▶ [REQUIRED WORK]
Would you please repeat, word for word, only the lines from the one holding "Материал: | коробка" through the one holding "スラックス ワンタック クロダルマ" in the material below, without the pictures?

▶ [RECORDED DATA]
########

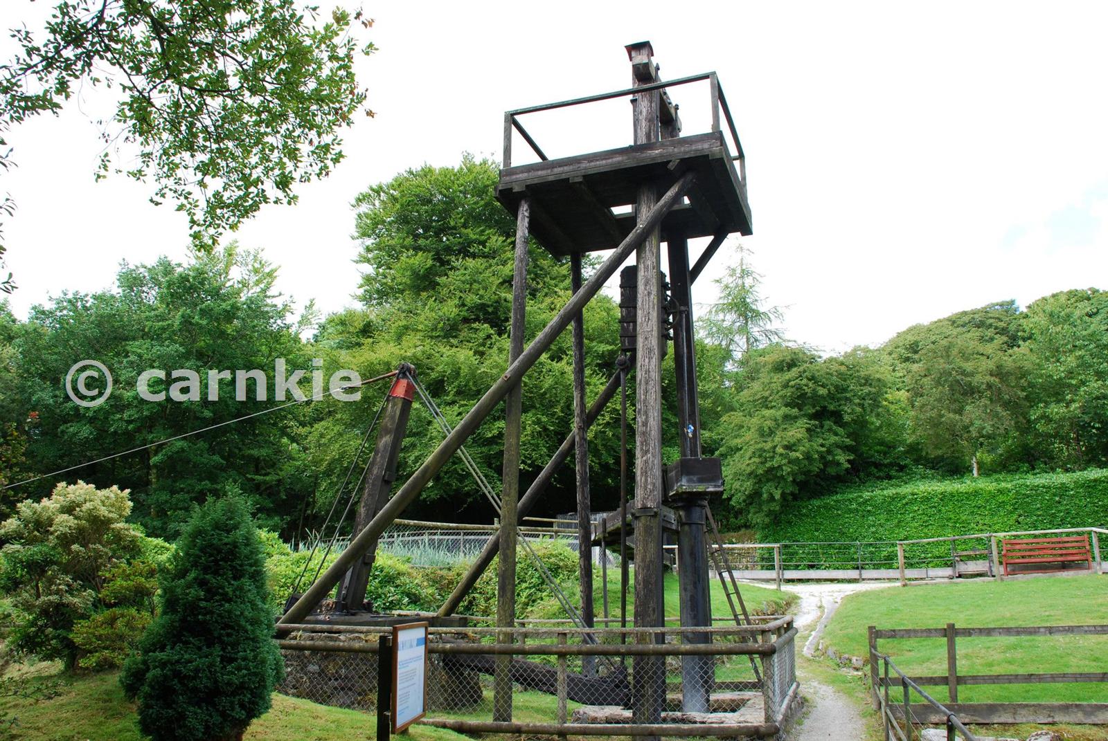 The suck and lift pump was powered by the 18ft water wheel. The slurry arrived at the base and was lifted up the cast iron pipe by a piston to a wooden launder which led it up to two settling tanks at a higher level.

########

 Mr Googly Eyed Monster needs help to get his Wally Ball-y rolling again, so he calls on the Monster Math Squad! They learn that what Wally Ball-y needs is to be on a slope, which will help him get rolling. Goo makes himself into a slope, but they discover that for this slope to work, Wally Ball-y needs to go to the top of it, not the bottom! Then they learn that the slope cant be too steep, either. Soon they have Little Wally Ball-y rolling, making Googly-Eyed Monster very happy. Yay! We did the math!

########

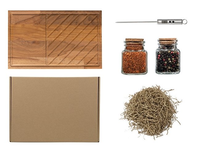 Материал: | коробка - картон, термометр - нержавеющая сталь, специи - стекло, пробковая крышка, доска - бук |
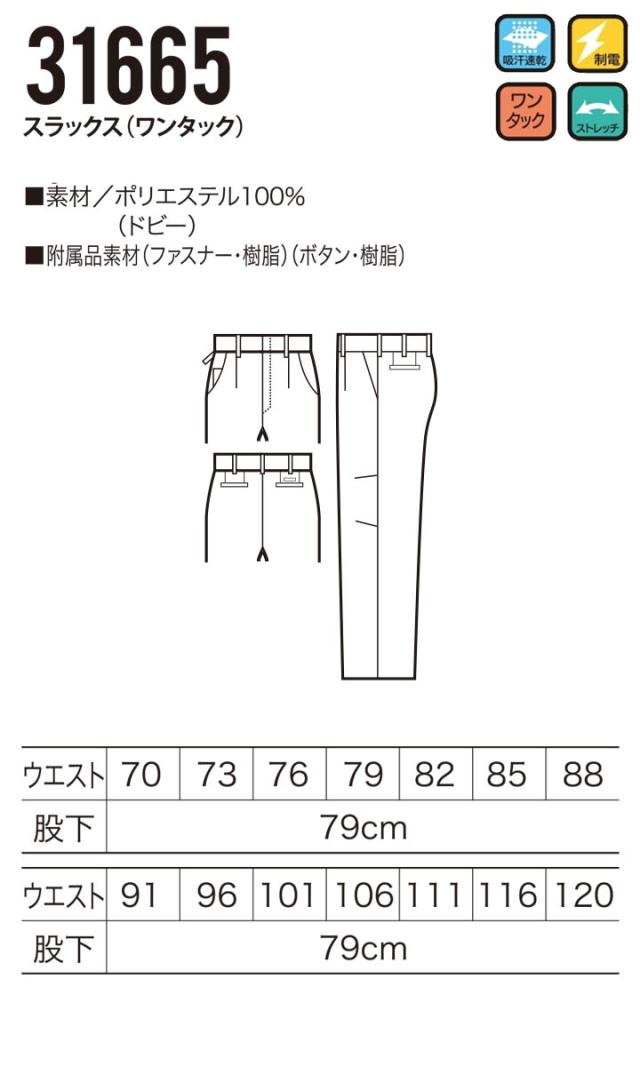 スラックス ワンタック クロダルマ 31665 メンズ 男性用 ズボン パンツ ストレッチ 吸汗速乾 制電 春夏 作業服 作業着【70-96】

########

▶ [RESULT]
 Материал: | коробка - картон, термометр - нержавеющая сталь, специи - стекло, пробковая крышка, доска - бук |
 スラックス ワンタック クロダルマ 31665 メンズ 男性用 ズボン パンツ ストレッチ 吸汗速乾 制電 春夏 作業服 作業着【70-96】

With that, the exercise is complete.